Egypt unveils more than 40 ancient mummies from Ptolemaic period
Egypt on Saturday unveiled more than 40 mummies dating back to the Ptolemaic era at a burial site in the centre of the country.
While mummification is mostly associated with ancient Egypt, the practice continued under the kingdom founded by Ptolemy, a successor to Alexander the Great, which lasted from 323 BC to 30 BC.
Ancient Greek rulers reached the height of their power between the conquests of Alexander the Great and the rise of the Roman empire.
Journalists clambered down a ladder and through an underground chamber beneath the sandy soil of Tunah al-Gabal, 260 kilometres (160 miles) south of Cairo, to glimpse the recent finds.
Archaeologist Rami Rasmi told AFP that 12 children and six animals were among the more than 40 mummies, while the rest were adult men and women.

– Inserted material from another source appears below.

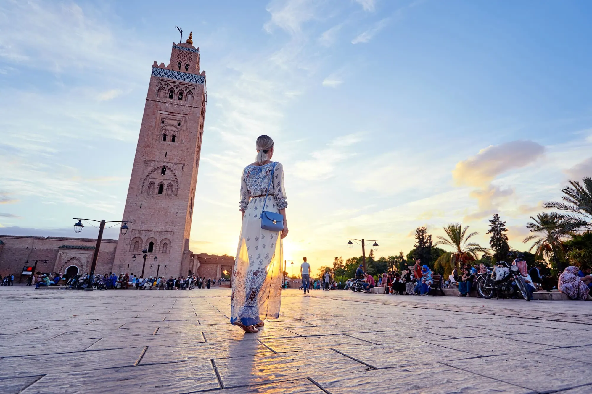 Panoramic view of Jemaa el-Fna square at dusk with Koutoubia Mosque minaret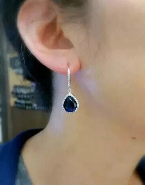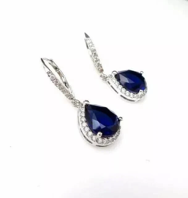 Women's Drop Dangle Earrings 2Ct Pear Simulated Sapphire 14k White Gold Plated

The identities of the mummies were still unknown, said Mostafa Waziri, secretary-general of the Supreme Council of Antiquities, according to Reuters.
“We have not found names written in hieroglyphics," he said, adding it was obvious from the mummification method that the individuals whose remains were found had to some extent held important or prestigious positions.
The remains were found laying on the floor or in open clay coffins in the crumbling chamber in Minya governorate.
The Minya graves, discovered during an excavation that started in February last year, are in a communal tomb "probably belonging to a petty bourgeois family," the antiquities ministry said.
Archaeologist Mohamed Ragab said two tombs were discovered nine metres underground and contained more than six rooms.
The presence of mummified pets, mostly dogs, showed how important they were for the dead. "These animals were so dear to their owners that they buried them ... in their tomb," Ragab said.
Shards of pottery and pieces of papyrus found at the site helped researchers to determine its date, Waziri said.
Some of the mummies were found wrapped in linen while others were placed in stone coffins or wooden sarcophagi.